Md, like another big brother to me, you rock, and are intelligent and well liked.

If I grow up to be half the man you are ill be happy.


----------



## ferny (Nov 30, 2004)

Desipte that last lie you're a nice guy. You seem to be very honest. Such a simple thing but something lots of people aren't.

I've heard you give a great leg hump to.

edit - we posted at the exact same time Artemis.  :shock: :mrgreen:
The next person will just have to compliment us both.


----------



## Artemis (Nov 30, 2004)

That post was for MD werent it?

Ferny you confuse me...


----------



## Nytmair (Nov 30, 2004)

ferny said:
			
		

> The next person will just have to compliment us both.



if you instist!!

both your posts make me a laugh pretty often, plus TPF's little brother made my 1000th post thread... 

oh, and ferny eats a lot of things with strange names, and he's kind enough to go through showing me what they are :LOL:

it's good to have you both around


----------



## Corry (Nov 30, 2004)

Nytmair is awesome cuz he joined the support forum ( http://www.thesupportforum.com ) and made it a little less lonely over there.  Such a nice guy. 

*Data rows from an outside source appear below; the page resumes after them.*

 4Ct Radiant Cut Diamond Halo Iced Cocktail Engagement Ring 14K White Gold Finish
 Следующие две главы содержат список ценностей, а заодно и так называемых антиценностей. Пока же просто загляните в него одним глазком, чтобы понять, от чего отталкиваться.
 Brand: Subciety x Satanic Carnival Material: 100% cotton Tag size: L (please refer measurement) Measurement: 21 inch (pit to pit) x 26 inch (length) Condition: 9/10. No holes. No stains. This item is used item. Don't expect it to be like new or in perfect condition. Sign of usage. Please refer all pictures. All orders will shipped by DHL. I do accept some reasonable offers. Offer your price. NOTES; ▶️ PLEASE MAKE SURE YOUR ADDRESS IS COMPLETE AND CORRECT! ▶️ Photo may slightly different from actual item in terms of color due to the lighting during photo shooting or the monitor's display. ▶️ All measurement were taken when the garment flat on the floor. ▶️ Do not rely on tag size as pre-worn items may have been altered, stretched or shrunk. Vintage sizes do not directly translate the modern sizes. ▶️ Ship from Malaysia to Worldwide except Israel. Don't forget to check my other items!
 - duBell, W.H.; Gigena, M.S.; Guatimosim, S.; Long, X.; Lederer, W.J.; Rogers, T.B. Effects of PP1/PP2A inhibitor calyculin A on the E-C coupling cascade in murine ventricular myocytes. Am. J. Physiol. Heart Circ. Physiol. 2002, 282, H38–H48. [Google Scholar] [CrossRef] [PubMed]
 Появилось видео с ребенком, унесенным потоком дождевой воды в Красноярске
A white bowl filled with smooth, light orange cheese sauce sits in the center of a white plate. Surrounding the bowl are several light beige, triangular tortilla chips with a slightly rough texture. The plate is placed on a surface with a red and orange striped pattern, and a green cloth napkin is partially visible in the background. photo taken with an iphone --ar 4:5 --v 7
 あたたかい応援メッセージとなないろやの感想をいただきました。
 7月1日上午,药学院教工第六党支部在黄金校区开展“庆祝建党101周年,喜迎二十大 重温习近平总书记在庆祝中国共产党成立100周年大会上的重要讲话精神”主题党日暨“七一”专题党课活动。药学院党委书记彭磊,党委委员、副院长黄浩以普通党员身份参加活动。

Oh...and he was a really good sport when he got uh...hazed.  Er!  No!  I mean!!! Wait!!!!  We don't do that over there!


----------



## Chase (Nov 30, 2004)

Corry REALLY knows how to promote that support forum site! What a dedicated little admin she is!


----------



## Nytmair (Nov 30, 2004)

chase was the dude that let me get onto the support forum after i never got a confirmation e-mail... he's my hero :LOL:

and i GUESSSS (_*I mean I KNOW*_ ) he does a good job as admin over here at TPF 




_AHHH, CHASE IS CONTROLLING ME!!! AHHHHHHHHHHHH_


----------



## Digital Matt (Nov 30, 2004)

Nytmair has an awesome website


----------



## aggiezach (Nov 30, 2004)

D-Matt, 


You always have such  AMAZING photos. You are truly and inspiration and yet so humble!! Thanks for sharing your work, oh yeah I guess you pretty cool too!  Just kidding, you're awesome!


Zach


----------



## Digital Matt (Nov 30, 2004)

Zach, you are a super nice guy who is always so supportive and encouraging.  Thanks!


----------



## Nytmair (Nov 30, 2004)

Matt, your pictures blow me away.... and i love your infrared stuff, really cool!

you give me some real inspiration when i see your photos


----------



## Corry (Nov 30, 2004)

Hey...I just noticed Nytmair's one year anniversary of joining TPF was a few days ago!!!!  Happy belated anniversary Nytmair!!!!!

You are a dedicated TPF member, and the place wouldn't be the same without ya.


----------



## Nytmair (Nov 30, 2004)

i think it's safe to say that this place wouldn't be the same without you either!! 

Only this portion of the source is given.